_EXERCISE PROMPT_
Beginning with the line that has "利用粉煤灰制备建筑轻质砖外文翻译资料" and ending with the line that has "모험의 서 슈사이어 보상으로", retype the entries below exactly, except for the pictures.

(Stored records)
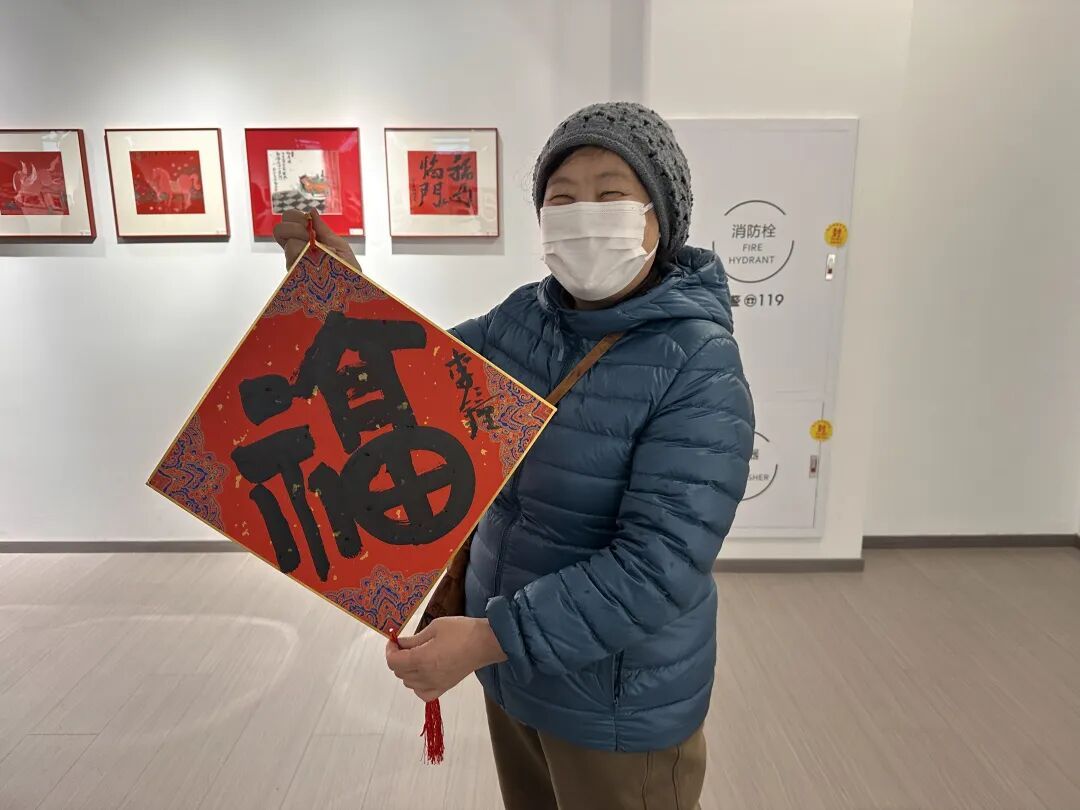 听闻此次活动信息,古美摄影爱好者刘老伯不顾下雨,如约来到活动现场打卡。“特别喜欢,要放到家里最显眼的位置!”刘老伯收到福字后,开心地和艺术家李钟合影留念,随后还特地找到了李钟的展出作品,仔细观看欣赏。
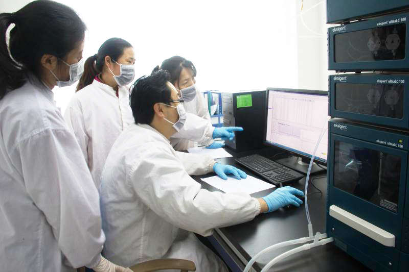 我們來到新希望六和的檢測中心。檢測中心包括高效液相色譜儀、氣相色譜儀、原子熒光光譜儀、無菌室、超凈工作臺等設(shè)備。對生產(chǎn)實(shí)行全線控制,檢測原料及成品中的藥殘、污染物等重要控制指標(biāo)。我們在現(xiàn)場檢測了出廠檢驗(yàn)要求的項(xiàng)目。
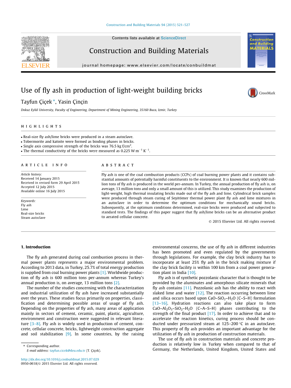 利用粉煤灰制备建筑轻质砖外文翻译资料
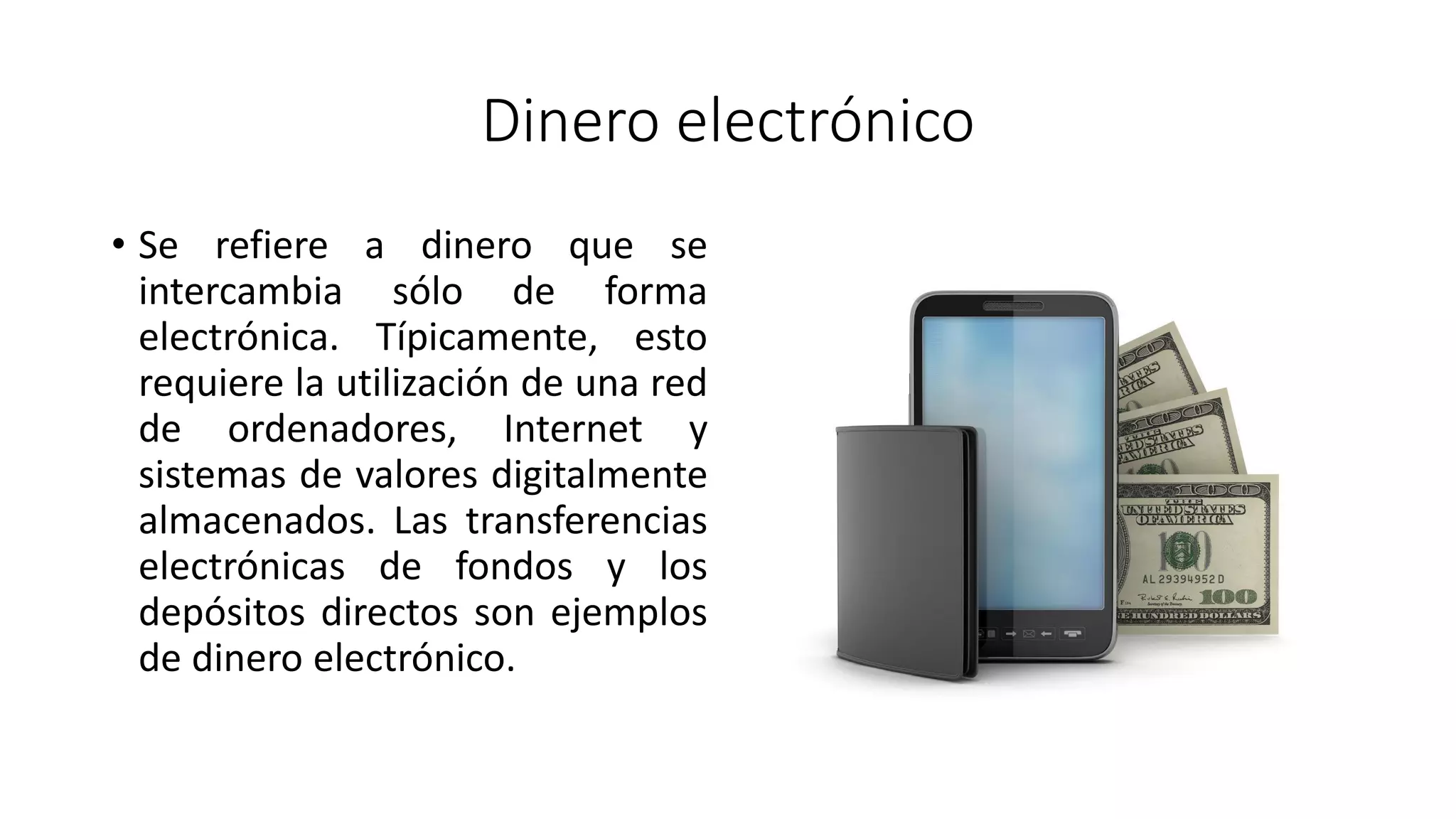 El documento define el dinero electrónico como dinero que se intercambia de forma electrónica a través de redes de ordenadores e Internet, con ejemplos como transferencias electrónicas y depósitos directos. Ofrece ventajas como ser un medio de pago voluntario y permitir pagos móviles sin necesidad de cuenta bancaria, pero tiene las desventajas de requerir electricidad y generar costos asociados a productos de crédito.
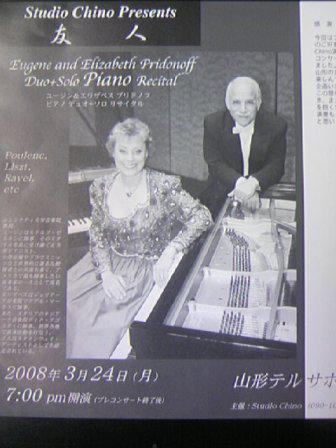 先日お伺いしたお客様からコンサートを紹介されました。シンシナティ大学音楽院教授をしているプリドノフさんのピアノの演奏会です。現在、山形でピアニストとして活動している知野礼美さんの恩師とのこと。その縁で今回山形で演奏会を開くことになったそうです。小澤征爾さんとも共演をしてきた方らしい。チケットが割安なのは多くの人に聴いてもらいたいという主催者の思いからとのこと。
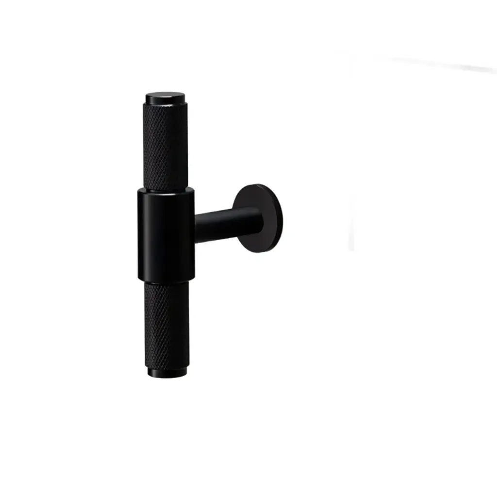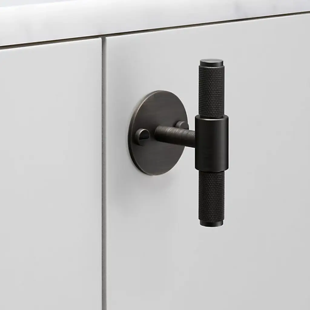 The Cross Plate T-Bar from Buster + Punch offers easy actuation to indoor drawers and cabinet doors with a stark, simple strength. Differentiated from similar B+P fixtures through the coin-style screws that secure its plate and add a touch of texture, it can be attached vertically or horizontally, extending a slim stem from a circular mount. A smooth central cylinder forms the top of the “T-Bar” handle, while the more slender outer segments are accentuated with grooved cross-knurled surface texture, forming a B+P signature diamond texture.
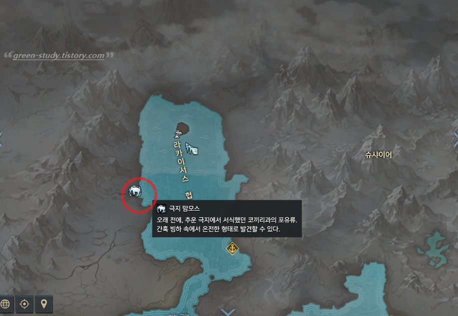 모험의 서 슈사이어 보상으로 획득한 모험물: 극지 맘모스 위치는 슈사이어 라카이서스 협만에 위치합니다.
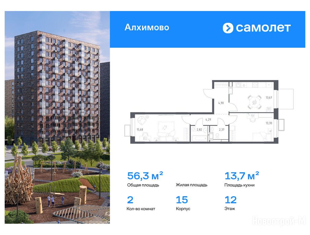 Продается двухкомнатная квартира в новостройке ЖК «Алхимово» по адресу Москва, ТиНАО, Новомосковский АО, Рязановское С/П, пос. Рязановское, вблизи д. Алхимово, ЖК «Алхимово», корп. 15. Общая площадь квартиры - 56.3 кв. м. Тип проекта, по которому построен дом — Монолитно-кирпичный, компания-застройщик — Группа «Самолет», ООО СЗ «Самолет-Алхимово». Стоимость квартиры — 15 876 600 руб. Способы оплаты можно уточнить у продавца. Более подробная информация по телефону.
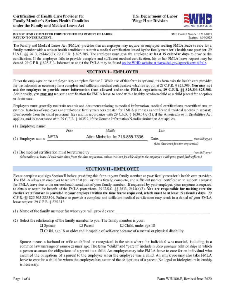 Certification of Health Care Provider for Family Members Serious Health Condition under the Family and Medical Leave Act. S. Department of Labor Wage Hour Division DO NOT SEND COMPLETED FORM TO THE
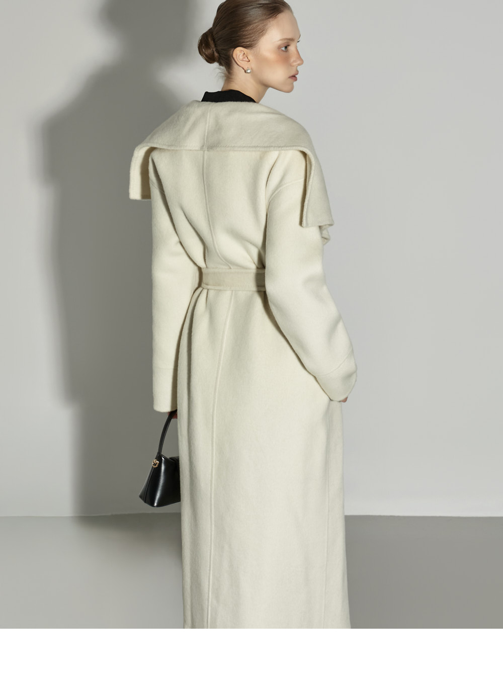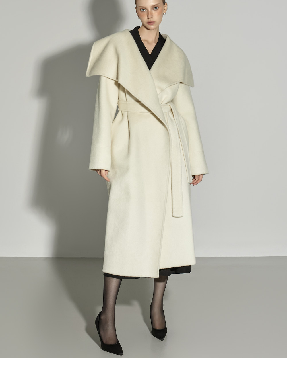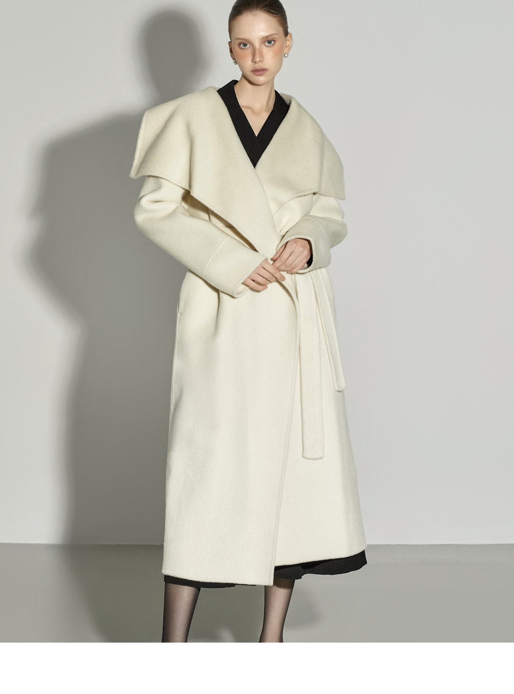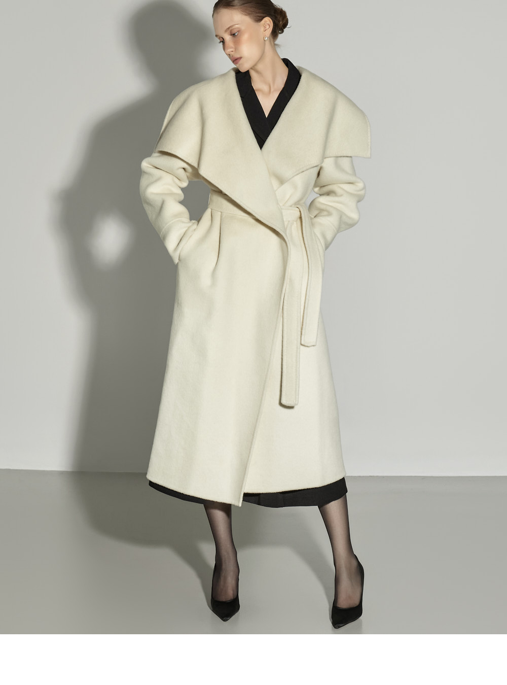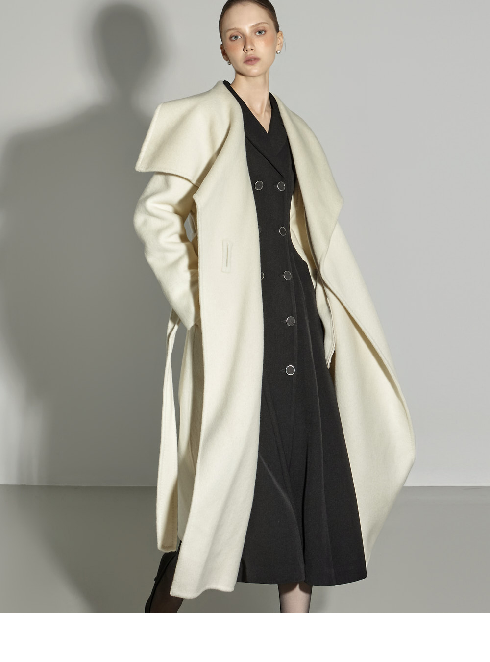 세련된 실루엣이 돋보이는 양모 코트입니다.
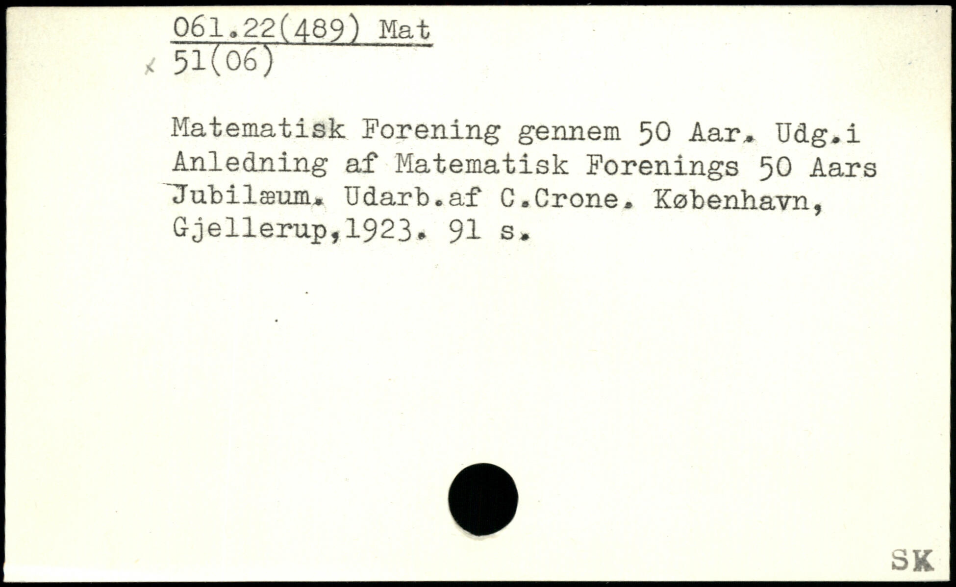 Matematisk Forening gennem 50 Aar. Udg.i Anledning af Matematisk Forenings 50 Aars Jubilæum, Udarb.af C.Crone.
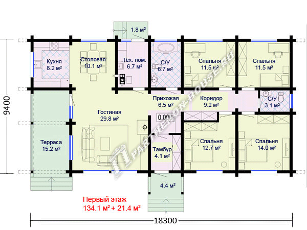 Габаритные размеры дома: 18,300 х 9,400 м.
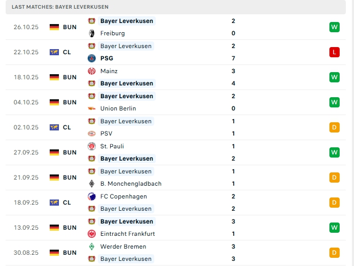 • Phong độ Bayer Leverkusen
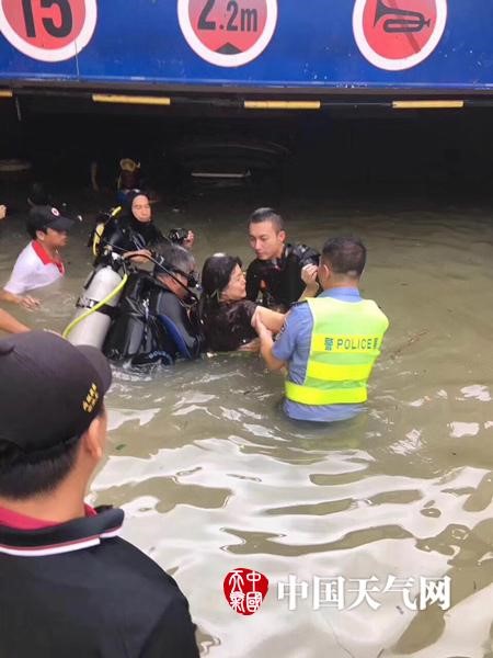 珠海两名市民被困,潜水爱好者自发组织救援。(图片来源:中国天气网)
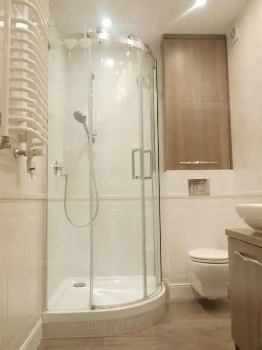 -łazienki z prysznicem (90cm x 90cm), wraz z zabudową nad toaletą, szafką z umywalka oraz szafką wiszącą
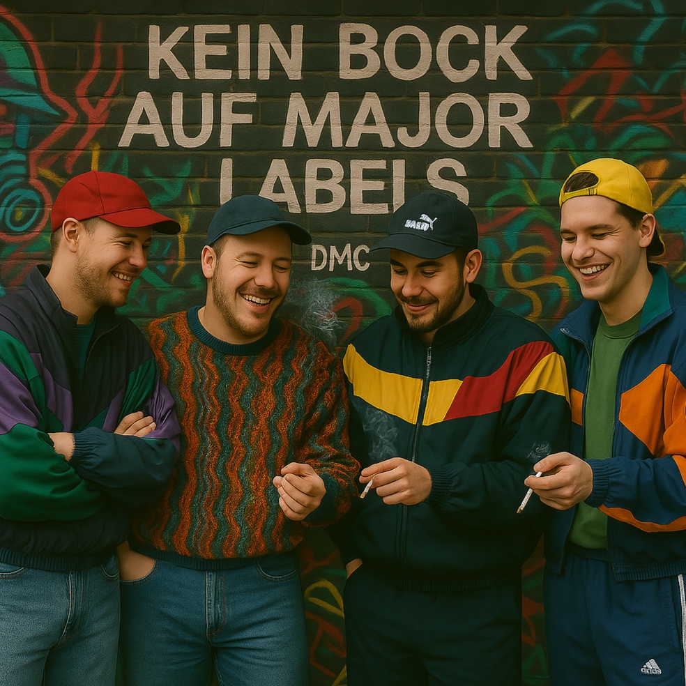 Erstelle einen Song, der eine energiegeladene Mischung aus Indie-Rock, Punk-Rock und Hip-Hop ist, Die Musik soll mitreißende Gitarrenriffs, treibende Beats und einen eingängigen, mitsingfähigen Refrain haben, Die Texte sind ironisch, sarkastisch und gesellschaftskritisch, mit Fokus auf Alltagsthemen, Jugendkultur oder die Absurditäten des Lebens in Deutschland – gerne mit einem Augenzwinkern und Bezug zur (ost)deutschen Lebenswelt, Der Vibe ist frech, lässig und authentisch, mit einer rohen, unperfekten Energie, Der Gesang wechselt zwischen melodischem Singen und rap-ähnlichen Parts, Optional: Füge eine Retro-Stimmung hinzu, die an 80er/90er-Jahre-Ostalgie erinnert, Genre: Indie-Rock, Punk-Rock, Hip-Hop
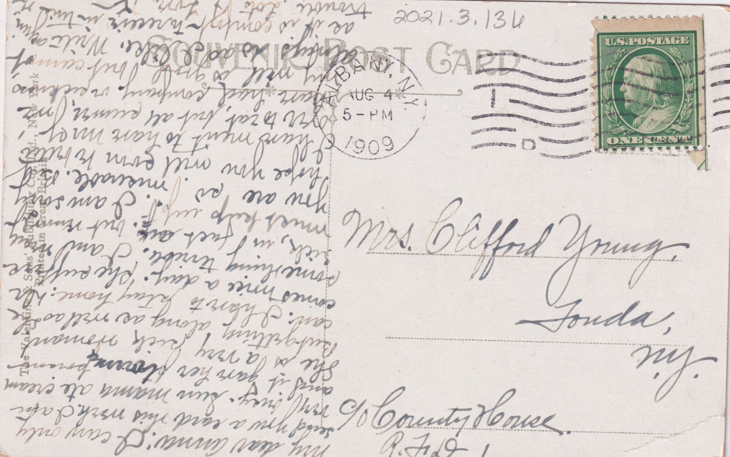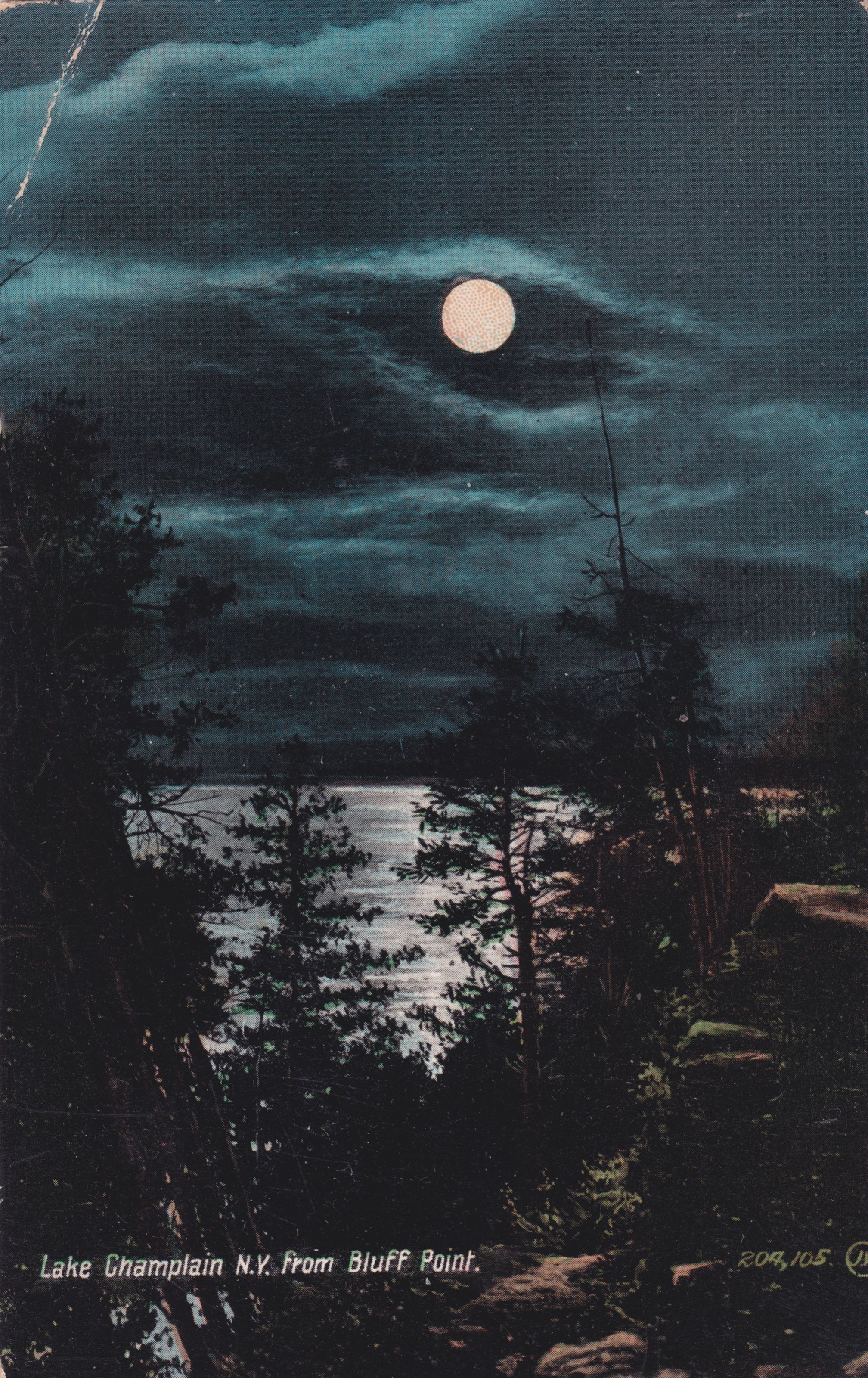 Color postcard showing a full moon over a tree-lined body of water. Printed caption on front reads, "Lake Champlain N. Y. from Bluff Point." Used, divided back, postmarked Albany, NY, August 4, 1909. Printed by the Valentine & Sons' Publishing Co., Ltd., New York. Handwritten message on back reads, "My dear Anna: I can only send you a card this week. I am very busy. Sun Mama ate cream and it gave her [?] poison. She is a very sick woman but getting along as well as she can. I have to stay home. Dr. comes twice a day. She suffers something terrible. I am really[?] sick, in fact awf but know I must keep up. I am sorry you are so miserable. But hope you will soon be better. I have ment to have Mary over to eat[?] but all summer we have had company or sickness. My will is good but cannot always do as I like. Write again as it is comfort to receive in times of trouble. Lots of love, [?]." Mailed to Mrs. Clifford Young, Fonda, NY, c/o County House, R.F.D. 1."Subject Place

_EXERCISE RESULT_
 利用粉煤灰制备建筑轻质砖外文翻译资料
 El documento define el dinero electrónico como dinero que se intercambia de forma electrónica a través de redes de ordenadores e Internet, con ejemplos como transferencias electrónicas y depósitos directos. Ofrece ventajas como ser un medio de pago voluntario y permitir pagos móviles sin necesidad de cuenta bancaria, pero tiene las desventajas de requerir electricidad y generar costos asociados a productos de crédito.
 先日お伺いしたお客様からコンサートを紹介されました。シンシナティ大学音楽院教授をしているプリドノフさんのピアノの演奏会です。現在、山形でピアニストとして活動している知野礼美さんの恩師とのこと。その縁で今回山形で演奏会を開くことになったそうです。小澤征爾さんとも共演をしてきた方らしい。チケットが割安なのは多くの人に聴いてもらいたいという主催者の思いからとのこと。
 The Cross Plate T-Bar from Buster + Punch offers easy actuation to indoor drawers and cabinet doors with a stark, simple strength. Differentiated from similar B+P fixtures through the coin-style screws that secure its plate and add a touch of texture, it can be attached vertically or horizontally, extending a slim stem from a circular mount. A smooth central cylinder forms the top of the “T-Bar” handle, while the more slender outer segments are accentuated with grooved cross-knurled surface texture, forming a B+P signature diamond texture.
 모험의 서 슈사이어 보상으로 획득한 모험물: 극지 맘모스 위치는 슈사이어 라카이서스 협만에 위치합니다.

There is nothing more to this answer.